Literary Buffistas 3: Don't Parse the Blurb, Dear.

There's more to life than watching Buffy the Vampire Slayer! No. Really, there is! Honestly! Here's a place for Buffistas to come and discuss what it is they're reading, their favorite authors and poets. "Geez. Crack a book sometime."


Kat - Jul 14, 2013 6:07:55 am PDT #21056 of 28370
"I keep to a strict diet of ill-advised enthusiasm and heartfelt regret." Leigh Bardugo

Kate, I feel like anything that pertains to Maddie is true. I believe that the Anna Engel stuff was all lies -- it was meant to be the diversion. Most of her account was a lie. Hence her "This is the truth! This is the truth!" and her telling the girl who refused to confess to just lie.

It's a perfect way to teach unreliable narrator, I think.


Polter-Cow - Jul 14, 2013 4:09:16 pm PDT #21057 of 28370
What else besides ramen can you scoop? YOU CAN SCOOP THIS WORLD FROM DARKNESS!

Has anyone read Armor, by John Steakley? I haven't read a book this fucking frustrating in a while. I'm almost annoyed that it actually redeemed itself in the end.


Fred Pete - Jul 15, 2013 5:31:27 am PDT #21058 of 28370
Ann, that's a ferret.

I do think class is as much an American focus as race, although race is clearly not a focus anywhere else.

Yet class in America is inextricably intertwined with money, more so (I think) than elsewhere. I'd also add a 3rd Great American Focus, religion, which also plays out in a way different than elsewhere.

I'll argue for Theodore Dreiser's An American Tragedy. It isn't on that list. But class/money determines almost the entire plot, with more than a passing discussion of the effect of religion.

Oh, and Moby Dick is overrated. The treatise on whaling breaks into the plot too deeply.


§ ita § - Jul 15, 2013 7:03:24 am PDT #21059 of 28370
Well not canonically, no, but this is transformative fiction.

although race is clearly not a focus anywhere else

I don't understand what this means. What is the anywhere else?


Amy - Jul 15, 2013 7:56:06 am PDT #21060 of 28370
Because books.

I should have said almost, I guess. Race isn't a big focus in historical British literature, or most European literature, unless I'm completely wrong. And I absolutely could be. I just couldn't think of examples that address it the way Huck Finn and other American literature does.


§ ita § - Jul 15, 2013 8:06:58 am PDT #21061 of 28370
Well not canonically, no, but this is transformative fiction.

When British literature touches the colonies (and unsurprisingly my reading is skewed thusly) it is reasonably often a big deal. And when it's not it is therefore in hindsight, because it takes a lot of work to ignore that shit. I think of Kipling and Achebe and Stevenson and Defoe when I think of the genre.

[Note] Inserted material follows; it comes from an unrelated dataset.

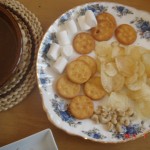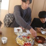 1週間ほど時間差がありますが、我が家でもチョコフォンデュをしました。以前お兄ちゃんが書いたように、バナナとお餅が最高ですね。他に試してみようということで、フルーツ以外のところでマシュマロ、サツマイモ、チーズ、カシューナッツなども試してみました。マシュマロは甘党の人にはおすすめ、さつまいもはチョコに負けて味があんまりしませんでした。今度はレーズンなどのドライフルーツ、クッキーも試してみたいです。カロリーが高そうだったので、お昼ごはんとしてやりましたが、博パパと傑にはかなりのブーイングでした。1時間後にはみんなでラーメンを食べ、やっと納得してもらいました。
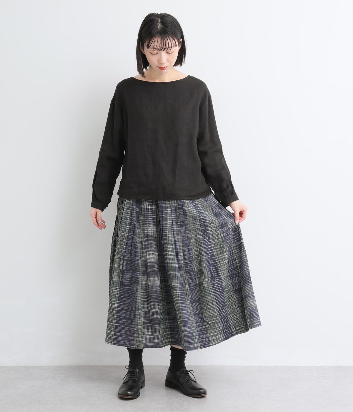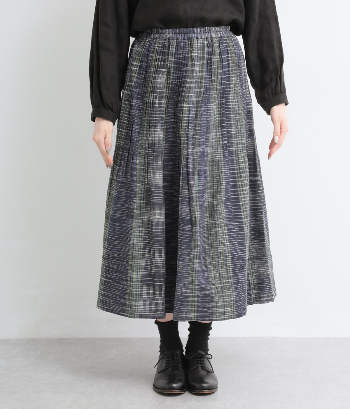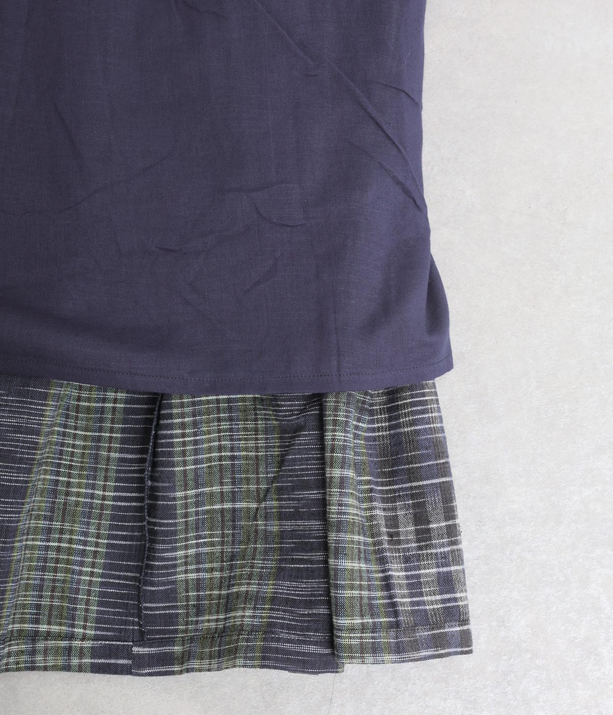 ひとつひとつ異なる味わいの鮮やかなチェック柄が、シックで上品な雰囲気を醸します。広がり過ぎない美しいシルエットが、素材の豊かな表情を引き立てます。ウエストは総ゴム仕様で、裏地付きで安心の穿き心地です。

Amy - Jul 15, 2013 8:42:26 am PDT #21062 of 28370
Because books.

That's a bunch of people I never really read. So, like I said, if I'm wrong, I apologize.

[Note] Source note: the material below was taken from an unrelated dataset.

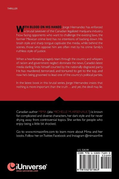 With blood on his hands, Jorge Hernandez has enforced a brutal takeover of the Canadian legalized marijuana industry. Now facing opponents who want to challenge the existing laws, the former Mexican crime lord has no intentions of backing down. His brash style and sharp tongue captivate the media, while behind the scenes, those who oppose him are often met by his crime family's ruthless style of justice. When a heartbreaking tragedy tears through the country and whispers of racism and government neglect dominate the news, Canada's latest media darling finds himself courted by the nationally disgraced party. He has murdered, terrorized, and tortured to get to the top, and now he's being groomed to lead one of the country's political parties. In the latest book in this brutal series, Jorge Hernandez insists that nothing is more important than the truth . . . and yet, the devil may lie.
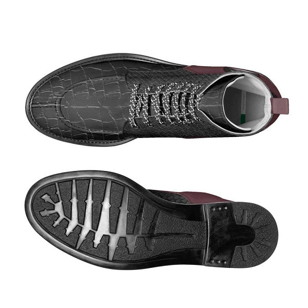 This ankle boot is crafted from embossed materials panels, featuring a biker-inspired silhouette with a lace-up front and black rubber sole. A padded heel counter and heel loop ensure comfort and easy wear, with a logo window for brand recognition.

le nubian - Jul 15, 2013 8:46:41 am PDT #21063 of 28370
"And to be clear, I am the hell. And the high water."

I'm reading Divergent by Veronica Roth right now and from the first chapter, the book has me hooked. I'm about 60% of the way right now (can you tell I'm reading on a Kindle?) and my early affection for the book is a bit more muted, but I'm still hooked.

I find the events of the book pretty realistic (and periodically horrifying) given Roth's world-building.

For those who liked Hunger Games, I recommend it.


Steph L. - Jul 15, 2013 10:48:42 am PDT #21064 of 28370
this mess was yours / now your mess is mine

I read that and REALLY liked it. The sequel (Insurgent) is pretty good, too, and sets up the last book in the trilogy (which I think is supposed to be out in October) really well.


Pix - Jul 15, 2013 10:56:20 am PDT #21065 of 28370
The status is NOT quo.

Yep, I really enjoyed the first two in that series as well. I liked the fact that Roth resists the Hunger Games temptation to make the female protagonist a bleak, empty shell of herself as the story progresses.